有機ELの大型パネル開発競争は、いよいよ「バックキャスティングモード」に入ってきた。成功する革新的な生産技術の開発というのは、これまでも常にこのモードで行なわれてきた。官や大学等で行なわれている様々な技術開発モードとは基本的に違う産業界特有のやり方である。
これからの「モノ作りニッポン」を支えて行くためには、リードする製造業が次々とこのモードで革新的な生産技術開発に取り組むことが不可欠となる。
今から何年後にこのような商品の製造販売を開始するという、リーダーの強い意志を開発者全員に徹底するということが非常に重要だ。当然相当の開発に向けた資源投資も予め準備しなければならない。用地や製造要員の確保も保証されていなければ具体的な構想とは言えないだろう。

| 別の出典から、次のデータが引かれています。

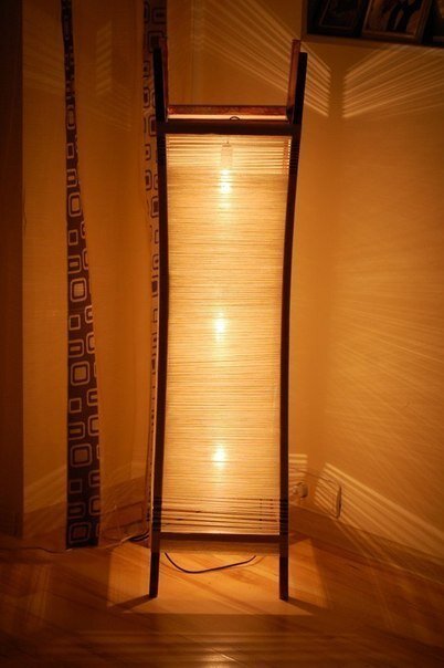 Ход работ: 1. Берем рейки и скрепляем их поперечными перемычками в двух местах. 2.Красим конструкцию 2 раза морилкой и после высыхания трем шкуркой для создания эффекта состаривания. 3.Затем делаем подводку к лампам, начиная сверху (см.фото). Желательны использовать керамические цоколи. 4.Затем наматываем льняную нить по кругу. Для создания изгиба реек нить нужно натягивать, а если изгиб не нужен, то мотать не очень плотно. Напольная лампа будет интересно выглядеть на балконе, веранде, холле, под лестницей. В спальне или детской создаст камерное уютное освещение перед сном.

有機ELの基本的な発光原理は公知となってもう久しい。試作品も一部先行グループによって発表されている。 では、それを一体どうやって量産するかということになるのだがそれは、当分の間公表されることは無いはずだ。韓国サムスン電子、我が日本のソニー、松下、キヤノンがそれぞれ秘策をもって取り組んでいるようだが、これ以外にも二、三社が参入を計画しているかもしれない。

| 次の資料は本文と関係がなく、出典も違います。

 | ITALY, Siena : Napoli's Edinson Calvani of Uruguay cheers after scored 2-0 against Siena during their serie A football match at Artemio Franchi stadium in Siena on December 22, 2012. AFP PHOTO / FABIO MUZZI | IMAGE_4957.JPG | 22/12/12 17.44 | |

この勝敗を分ける重要なポイントは、今薄型パネルで全盛を謳歌している液晶パネルとは全く違うシナリオ(キー・テクノロジー)が登場してくるということである。それは、これまで有機ELの材料開発、基礎研究、試作品を開発してきた各研究機関での方法とはまるで異なる方式が登場するということを意味している。 現行の大型液晶パネルを凌駕するための次世代パネルは、まずガラス基板をプラスチックフィルムに代え、バッチ生産をロール・ツー・ロールの連続方式に代えるという大きな「バックキャスティング・命題」がある。 そんなものはそう簡単に出来るはずがないと無理な理由を次々並べ立てるのは、学識経験豊かな研究者のごく一般的な言ですが、生産技術開発者というのは、その路線から外れた非常識、馬鹿の集まりと言えるのかもしれません。

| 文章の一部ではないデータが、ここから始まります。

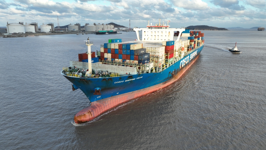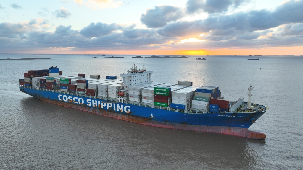 中远海运伏尔加河轮载运南半球农产品靠泊洋山港,在港期间将卸下智利车厘子2.1万吨 上海洋山边检 供图

私達は先進的な生産技術開発をいくつも手がけて来ましたが、その奥義がいわゆる学会等で公表されるのには10〜20年はかかるでしょう。とてつもない新しい生産技術が認知されるためには、その技術の再現性が保証されなければなりませんが、第三者が生産技術の再現性を証明するためには、その実証設備がないのです。通常、大型液晶パネルや有機ELパネルの生産設備というのは、世界に一つしかないものなのです。